Oral Presentation 10th Australian Peptide Conference 2013

Utility of Peptide Ligation Chemistry for the Chemical Synthesis of Post-Translationally Modified Peptides and Proteins (#81)

Richard J Payne 1 , Brendan L Wilkinson 1 , Yves Hsieh 1 , Lara R Malins 1 , Robert E Thompson 1
  1. The University of Sydney, Camperdown, NSW, Australia

Glycopeptides and glycoproteins are ubiquitous in nature and possess a range of biological activities that make them attractive targets as novel therapeutics and for applications as biomaterials. The difficulty associated with isolating these complex biomolecules in pure form from nature has led to significant research effort directed toward the total chemical synthesis of homogeneous glycopeptides and glycoproteins for biological study.1,2 This talk will highlight the use of novel solid-phase methodologies and chemical ligation strategies for the total chemical synthesis of a range of homogeneous glycopeptides and glycoproteins (up to 19.5 kDa in size). The preparation of homogeneous fish-derived antifreeze glycoproteins,3 chemokine receptor domains4 and potent anti-thrombotic glycoproteins will be described. Structure-activity data has provided important information on the role of glycosylation on the activity of the peptides and proteins and will also be discussed.

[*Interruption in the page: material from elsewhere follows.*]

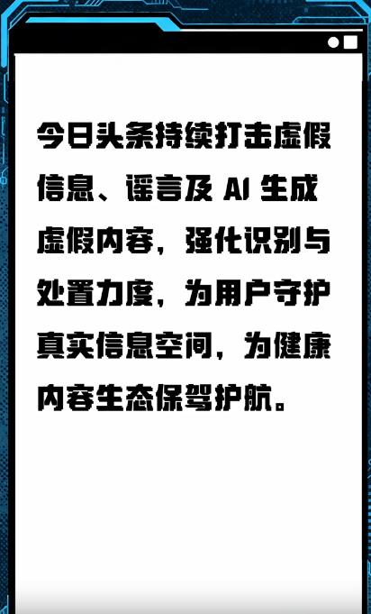 现在的AI技术太强大了,生成的文字和图片都真假难辨,但最近发现平台识别AI假消息的速度特别快,很多刚出现的虚假内容很快就被处理了。 后来才知道,平台用了专门的AI检测技术,那些用词夸张、逻辑混乱的文章,还有看起来很完美但细节有问题的图片,都逃不过系统的眼睛。 听说这套系统的识别准确率高达95%以上,真是太厉害了。 作为普通用户,我们要的就是真实可靠的信息。 今日头条这次主动出手整治AI假消息,不仅提升了平台内容的可信度,也让我们这些老用户更愿意留在平台。 希望这种整治能一直坚持下去,让网络空间少一些虚假信息,多一些真实内容。
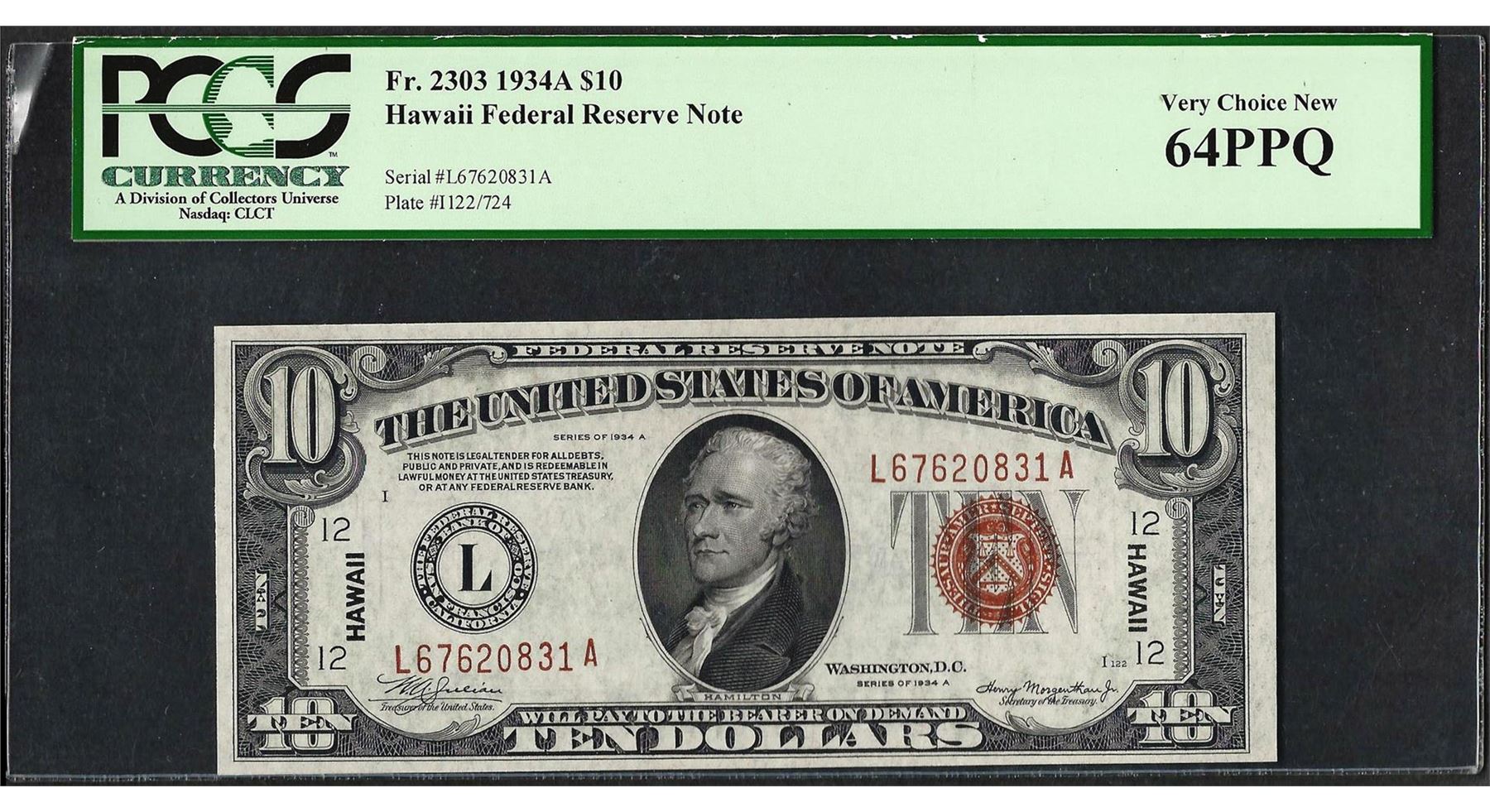 1934A $10 Hawaii Federal Reserve WWII Emergency Note PCGS Very Choice New 64PPQ

  1. Kent, S. B. H.; Chem. Soc. Rev. 2009, 38, 338-351.
  2. Payne, R. J.; Wong, C.-H. Chem. Commun. 2010, 26, 41-43.
  3. Wilkinson, B. L.; Stone, R. S.; Capiccioti, C. J.; Thaysen-Anderson, M.; Matthews, J. M.; Packer, N. H.; Ben, R. N.; Payne, R. J. Angew. Chem. Int. Ed., 2012, 51, 3606-3610.
  4. Taleski, D.; Butler, S. J.; Stone, M. J.; Payne, R. J. Chem. Asian J. 2011, 6, 1316-1320.